The plasma concentrations of albumin, HDL apolipoprotein A1 (apoA1), retinol-binding protein (RBP), transthyretin (TTR), haptoglobulin, and fibrinogen were measured, and a stable isotope infusion protocol was used to determine the fractional and absolute synthesis rates of RBP, TTR, and fibrinogen in 12 young adults on three occasions during a reduction of their habitual protein intake from 1.13 to 0.75 g x kg(-1) x day(-1) for 10 days. This study was performed to determine whether healthy adults could maintain the rates of synthesis of selected nutrient transport and positive acute-phase proteins when consuming a protein intake of 0.75 g x kg(-1) x day(-1). During the lower protein intake, the plasma concentration of all the proteins, other than HDL-apoA1, remained unchanged. HDL-apoA1 concentration was significantly reduced (P < 0.05) after 3 days of the lower protein intake, but not at 10 days. The rates of synthesis of RBP and TTR declined significantly (P < 0.05), whereas the rate of synthesis of fibrinogen remained unchanged. The results indicate that, when normal adults consume the recommended safe level of protein, 0.75 g x kg(-1) x day(-1), there is a slower rate of turnover of nutrient transport proteins than on their habitual diet. Hence, healthy individuals consuming this amount of protein may be less able to mount an adequate metabolic response to a stressful stimulus.

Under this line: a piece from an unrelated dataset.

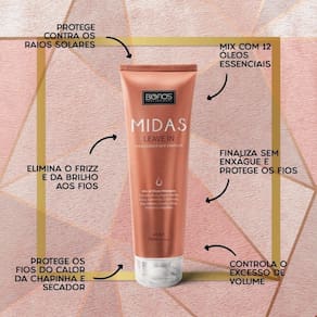 Midas leave in - 250mlFinalizador sem enxágue para a proteção contra a ação dos raios solares e o calor dos secadores e chapinhas, eliminando o frizz e reduzindo o excesso de volume. O midas leave in cria uma camada protetora nas escamas dos fios e os condiciona.Resultados: cabelos protegidos e sem friz.Indicado para: todos os tipos de cabelos.Ativos: mix de 12 óleos: cálamo, mirra, argan, karité, coco, camomila, chá verde, macadâmia, canela, oliva, aloe vera e algodão.Modo de uso: após a lavagem dos cabelos, seque os cabelos com uma toalha e aplique no comprimento e nas pontas dos cabelos. Não enxágue e penteie normalmente.Precauções: uso externo, manter fora do alcance das crianças. Proteger da luz solar e do calor excessivo. Não ingerir. Em caso em contato com os olhos e mucosas lavar abundantemente com água, se necessário procure um médico. Não aplicar se o couro cabeludo estiver irritado ou lesionado. Em caso de sensibilização suspender o uso.RESOLUÇÃO ANVISA 25351.164857/2019-16Qualquer dúvida estaremos à disposição para responder suas perguntas

Synthesis of erythrocyte glutathione in healthy adults consuming the safe amount of dietary protein

BACKGROUND

The finding that plasma glutathione turnover decreases as dietary protein intake decreases suggests that the safe amount of dietary protein, although sufficient for maintenance of nitrogen balance, may be insufficient for maintenance of cellular glutathione.

OBJECTIVE

Our objective was to determine the effect of the safe protein intake on the erythrocyte glutathione synthesis rate and its relation with urinary 5-L-oxoproline excretion.

DESIGN

Erythrocyte glutathione synthesis and urinary 5-L-oxoproline excretion were measured in young adults (6 men and 6 women) by using an infusion of [(13)C(2)]glycine on 3 occasions: initially during the subjects' habitual protein intake (1.13 g.kg(-1).d(-1)) and on days 3 and 10 of consumption of a diet providing the safe protein intake (0.75 g.kg(-1).d(-1)).

RESULTS

Compared with baseline values, the fractional synthesis rate of erythrocyte glutathione was significantly lower (P < 0.05) on days 3 and 10 of the diet with the safe protein intake. Urinary 5-L-oxoproline excretion increased significantly (P < 0.05) above baseline by the third day of the diet with the safe protein intake and remained elevated. Erythrocyte glutathione concentrations and absolute synthesis rates decreased by day 3 but recovered to baseline values by day 10. Erythrocyte concentrations of cysteine, methionine, and serine remained unchanged, whereas erythrocyte concentrations of glycine, glutamic acid, and glutamine increased significantly by day 10.

CONCLUSION

During adaptation to the safe amount of dietary protein, there are changes in the concentration and kinetics of erythrocyte glutathione that suggest a reduced antioxidant capacity and possible increased susceptibility to oxidant stress.